Forty years ago this summer, and 15 years before the end of the Cold War, a U.S. Apollo spacecraft carrying a crew of three astronauts docked in space with a Russian Soyuz carrying two cosmonauts. The mission was more of a geopolitical milestone than a technological one—its advertised purpose was to test the compatibility of U.S. and Soviet docking systems and the feasibility of an international space rescue. But the partnership laid an important cornerstone for cooperation between the two adversaries in human spaceflight.

Today, relations between Moscow and Washington are arguably worse than in 1975, as Russia menaces what remains of Ukraine along with other neighbors and as its air and naval forces engage in dangerous cat-and-mouse games with Western militaries and even civilian traffic. But almost lost in all the ensuing diplomatic protests and Twitter barbs is the reality that cooperation between NASA and Roscosmos, the Russian federal space agency, has been largely unaffected. 

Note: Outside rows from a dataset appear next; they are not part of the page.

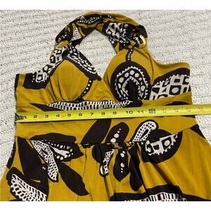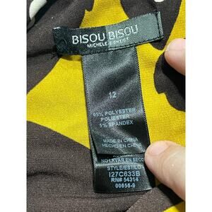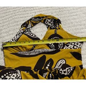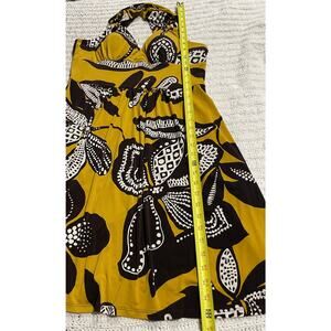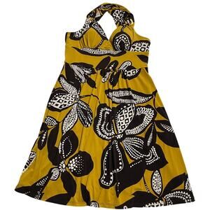 Bisou Bisou Michele Bohbot Dress Floral Criss Cross Straps Sleeveless A-Line Knee Length Women's Size 12 Stretch Pockets Yellow Brown
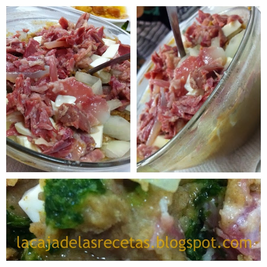 A los que se pueden añadir al gusto carne de ternera, tocino, o alguna verdura del puchero, y como véis en la primera foto, incluso manzana (a mí ese contraste me encantó), o también queso blanco de cabra.
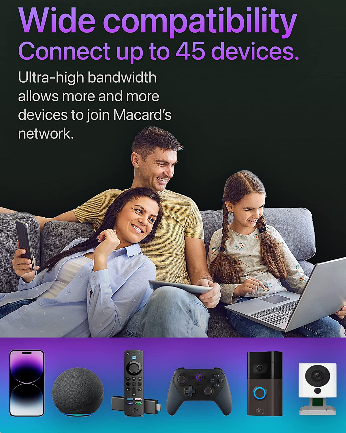 - 45 Devices, Zero Bog - House full of data hogs? Macard’s internet range booster with ethernet port eliminates the problems fast, pumping out interference-free, lightning fast data capabilities to all the tablets, smart speakers, Alexa devices for home, IP cameras and whatever the innerwebs invents next. Without bogging your own stream down.

Soyuz vehicles still ferry crews to the International Space Station—a capability the U.S. lost with the retirement of the space shuttle in 2011 and will not regain until 2017 or 2018. In February, Russia became the first ISS partner to commit to extend its participation to 2024, bolstering NASA’s efforts to keep the station going beyond 2020. And Administrator Charles Bolden says a recent meeting with his new Russian counterpart, Igor Komarov, was “invigorating.

Russia’s revanchist annexation of Ukraine’s Crimean Peninsula and its role in fomenting a Ukrainian civil war are abhorrent. Nonetheless, it is encouraging that important work in civil space has not become a casualty of the poisoned political climate. If NASA is to achieve its goal of leading a costly human mission to Mars in the 2030s, it will require more cooperation with the rest of the world, not less. Which brings us to China.


Credit: NASA


China has arrived as an economic powerhouse and spacefaring nation. Yet NASA is the only federal agency prohibited by the U.S. Congress from undertaking any bilateral activities with the Chinese. As this magazine has opined, the ban is shortsighted and should be lifted in a careful way that allows Beijing into the club of top-tier spacefaring nations without compromising sensitive military technologies. China is going to be a major player in space, with or without NASA. It is better for the U.S. to have some influence on how it enters the club.

Space is an arena in which we must look beyond near-term political disputes and focus on the benefits that could be achieved over the long haul. Washington and Moscow have done that, and space exploration and use are better for it. It is time to bring Beijing in from the cold, too.